By: St. Clair Sazam Hull
(CHARLESTOWN NEVIS)-The Ministry of Health in collaboration with the University of Virginia conducted a press conference on the morning of May 28, 2013 at the Administration Building, Charlestown. This was to highlight children suffering from asthma.
Permanent Secretary, in the Ministry of Health Mrs. Nicole Slack-Liburd chaired the event and gave the opening remarks. She noted that it was indeed a pleasure, for her department to collaborate with the University of Virginia in an effort to bring awareness of asthma to the citizens of Nevis. Mrs. Slack-Liburd indicated that particular concern was for children who suffer from the disease.
Mrs. Slack Liburd indicated that a survey would be carried out from Tuesday, May 27, 2013 and is scheduled to conclude on Friday, May 31, 2013 to determine the prevalence of asthma on the island. She was of the view that children with asthma could lead a normal life, once certain precautions are taken, with things such as second hand smoke.
Dr. Genita Richardson, a health educator at the University of Virginia gave some brief remarks. She thanked the Ministry for its invitation, and stated that asthma is a global problem that should be tackled by all concerned. Asthma, she said, is an experience of unpleasantness especially for children. She appealed to those with the diagnosis to come forward and seek help.
Dr. Richardson pointed out that it is extremely painful for parents to watch their children in pain or suffering from asthma and not knowing how to help them feel better. Asthma, she claimed, is a difficult condition for most adults and for children it is even worse because they may not even know how to help themselves. She said that parents whose children suffer from asthma need to educate themselves as much as they can about the condition. Once the parents understand in detail what they are dealing with they are in a better position to explain to the children the condition that asthma entails.

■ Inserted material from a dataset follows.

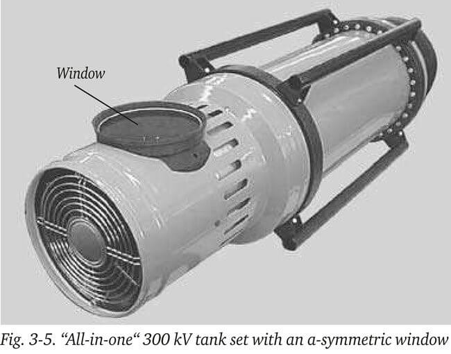 圖3-5顯示了一個整合(一體化)的300kV罐式設(shè)備。當電壓超過300kV時,所有部件都集成在一個罐中就面臨挑戰(zhàn),因為高電壓絕緣可能會變得不足。直流運行的450kV設(shè)備通過高壓導線、連接器和插頭連接到單獨的高壓(HT)供電單元,參見圖4-5。,這些設(shè)備的體積和重量都大于集成式的罐式設(shè)備,更適用于固定或半移動的應(yīng)用場景。

Ms. Seleena Moore, a student who currently attends the University also gave some remarks. She stated that it is very important to focus on the health of children and the world at large. The paradox of asthma is that although our understanding of its physiological features and the therapies available for treating the disease have increased significantly over the past two decades, the prevalence of asthma and the health care use associated with it, and the disruptions it causes to family and community life have not decreased substantially.
Ms. Moore noted that the facts suggest a need for interventions that would enable individuals, families and communities to manage asthma and its consequences effectively.
Medical Officer of Public Health, Nevis Dr. Judy Nisbett also spoke briefly at the conference. Dr. Nisbett stated that asthma has a genetic origin that one is born with and is passed down from generation to generation. She indicated that each type of asthma is unique and if one has asthma it is very imperative to keep track of the factors or triggers. With the tracking of these factors and triggers, one may be able to determine what provoke asthmatic episodes.
Dr. Nisbett pointed out that during normal breathing; the airways to the lungs are fully opened, allowing air to move in and out freely. People with asthma have inflamed super-sensitive airways. Their triggers cause the changes in the airway, which in turn causes asthmatic symptoms. Dr. Nisbett concluded that sometimes a child might just be coughing, but that is also a sign of being asthmatic.